LIGHTS OUT “Pilot” Review


LIGHTS OUT “Pilot” Season 1 Episode 1 – The show opens with a face, bruised, bloody, lumpy; it has been beaten to a pulp. The man is lying on his back on a silver table under bright lights, bright enough for a pathologist to examine this specimen. His wife looks at him and barely manages to contain a sob. He is not in a morgue. He’s a boxer. This is Patrick “Lights” Leary (Holt McCallany) a heavyweight champion boxer.

Theresa is his wife and physicians’ assistant. She gave him an ultimatum after his losing fight with Reynolds (the results of which we see in the opening scene): keep fighting or lose his family. He chooses the latter, which puts his career into a tailspin for five years. Now he wants to climb back to champ status, just as she gets into a residency and qualifies as a doctor. Lights’ father blames Theresa for taking him out of the game just as he could have made it big. Now Lights is in over his head with problems with the IRS. His family gym is in debt; his brother Johnny is supporting him financially.
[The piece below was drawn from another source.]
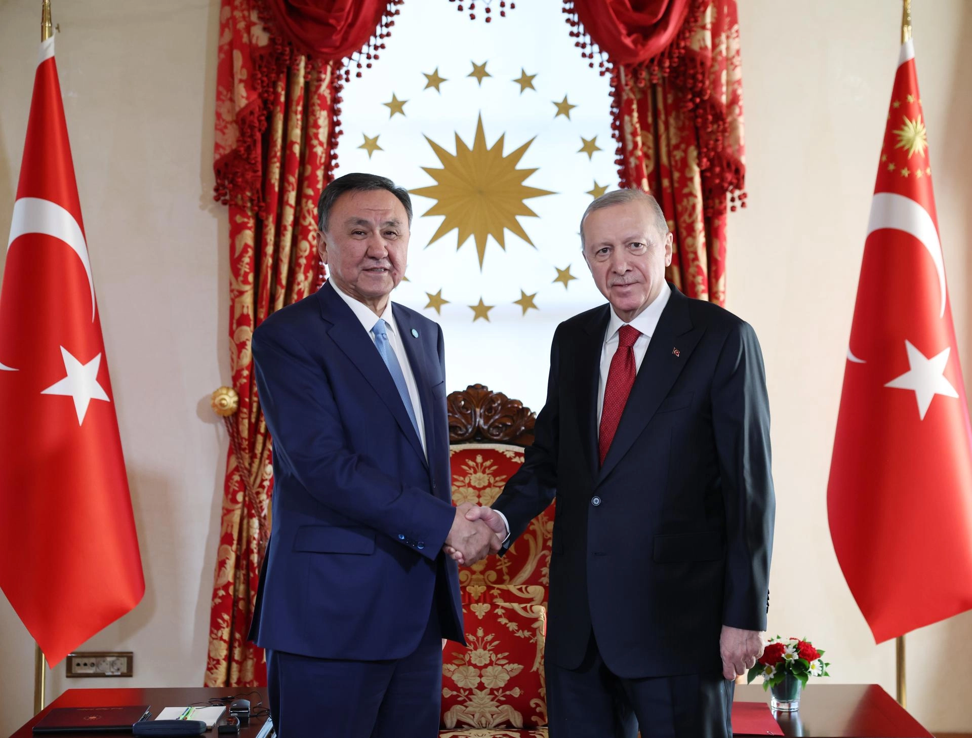 İSTANBUL (AA) - Cumhurbaşkanı Recep Tayyip Erdoğan, Türk Devletleri Teşkilatı (TDT) Gayriresmi Toplantısı kapsamında İstanbul'da bulunan TDT Genel Sekreteri Kubanıçbek Ömüraliyev ile üye ülkelerin dışişleri bakanlarını kabul etti.

There are the daughters: they both ask for money, one for a bikini wax, the other for the new biography of Eleanor Roosevolt. The youngest girl is touchingly frightened by her father’s fighting past.

What I know of boxing has been gleaned from Rocky and The Fighter. This is not a problem however. Boxing is to Lights Out what gangs was to The Sopranos and gold to Deadwood. It is more than a MacGuffin, for it shapes the people in the story, but the story is still about the people.

Because this was the premiere, it was mostly centered around Lights: a wise move. Too many storylines, too many characters and the show becomes too confusing. However the characters on the periphery are potentially fascinating. From the daughters who could provide a wealth of drama (and who could all deliver lines convincingly, so cringe worthy child acting seems to have been avoided) to the brother Johnny who seems compelled to help despite his own personal misfortunes, Holt McCallany has the physique to pull off the character of Lights, and he brings a familiar likability to his character. Once a local legend, now he’s calling bingo at the local restaurant.

The best thing about this show is that Lights isn’t a dumb short tempered jock. He doesn’t have a heart of gold and fists of steel. He is calculating. The ways in which his character was written, and the way McCallany portrays him, were just brilliant. The editing; the quick flashes to violent, mean deeds, were thrilling. Unlike most pilots, this doesn’t blow events out of the water with heroic battles or life threatening situations. It’s collectedness, it’s resistance to drowning the audience with drama and action, makes the promise of a second, third, fourth and so on episode more appealing.

All in all, I thought it was an exceptional pilot, with a uniformly strong cast, particularly its lead and great writing. An exciting show I cannot wait to see more of.